# How to detail engine bay



## PIIMP (Apr 3, 2012)

I am wanting to detail engine bay, I was going to degrease as really dirty then rinse with pressure washer, what is best to bring up the plastics ? I don't have many products that's the problem .would normal silicone spray do the job or wd40 etc ? Also I have washed my engine on my cars many times with pressure washer just a quick once over and never covered up plugs etc do you think will be fine just a quick blast over

Thanks dean


----------



## Pittsy (Jun 14, 2014)

Have a quick look at this for some ideas.

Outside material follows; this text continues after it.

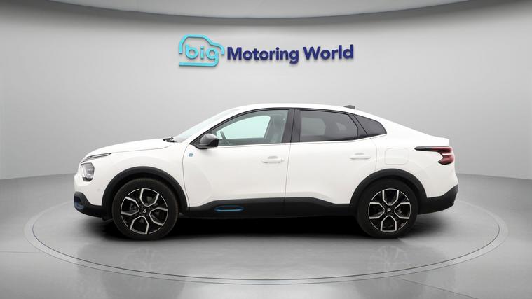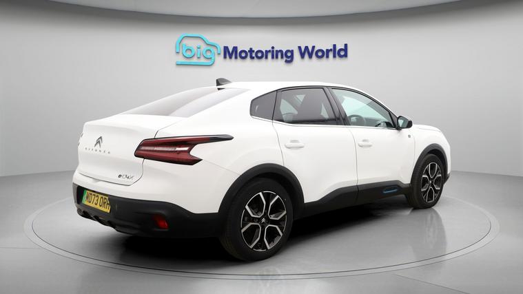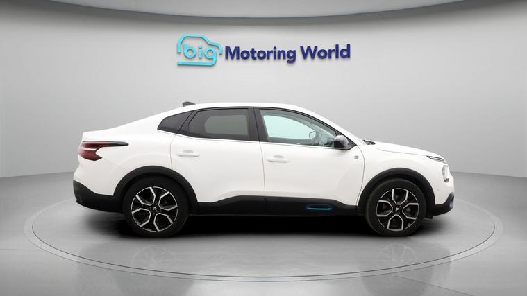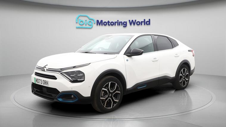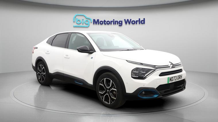 Our Citroen e-C4 X is finished in White. Specification includes a range of fantastic features including FREE £750 towards your finance Deposit, Head up Display, 18'' alloy wheels, Rear View Camera, Heated Steering Wheel, Bluetooth, Blind Spot Assist, Parking Sensors, Ambient Lighting, 2 Zone Climate Specification information is supplied by CAPHPI and may vary to the actual car. This data does not form any part of a buying contact. Please check specification prior to purchase in-store. The MOT is valid until November 2026, visit dealer's website for more photos, a 360 tour, service history and a free HPI report.

http://www.detailingworld.co.uk/forum/showthread.php?t=380522


----------



## steelghost (Aug 20, 2015)

Also http://www.polishedbliss.co.uk/acatalog/engine-degreasers-and-dressings.html


----------



## Gixxer6 (Apr 5, 2014)

PIIMP said:


> I am wanting to detail engine bay, I was going to degrease as really dirty then rinse with pressure washer, what is best to bring up the plastics ? I don't have many products that's the problem .would normal silicone spray do the job or wd40 etc ? Also I have washed my engine on my cars many times with pressure washer just a quick once over and never covered up plugs etc do you think will be fine just a quick blast over
> 
> Thanks dean


I wouldn't use a pressure washer in an engine bay


----------



## Forsh (Jun 13, 2014)

APC, brushes, open hose or low pressure spray and any trim/plastic/dash product

http://www.detailingworld.co.uk/forum/showthread.php?t=366540


----------



## DouglasH (Jul 18, 2007)

APC, whatever Polish and Wax you use normally and then I use Meguiars Tyre Gel this brings up
 the engine bay plastic  a treat.


----------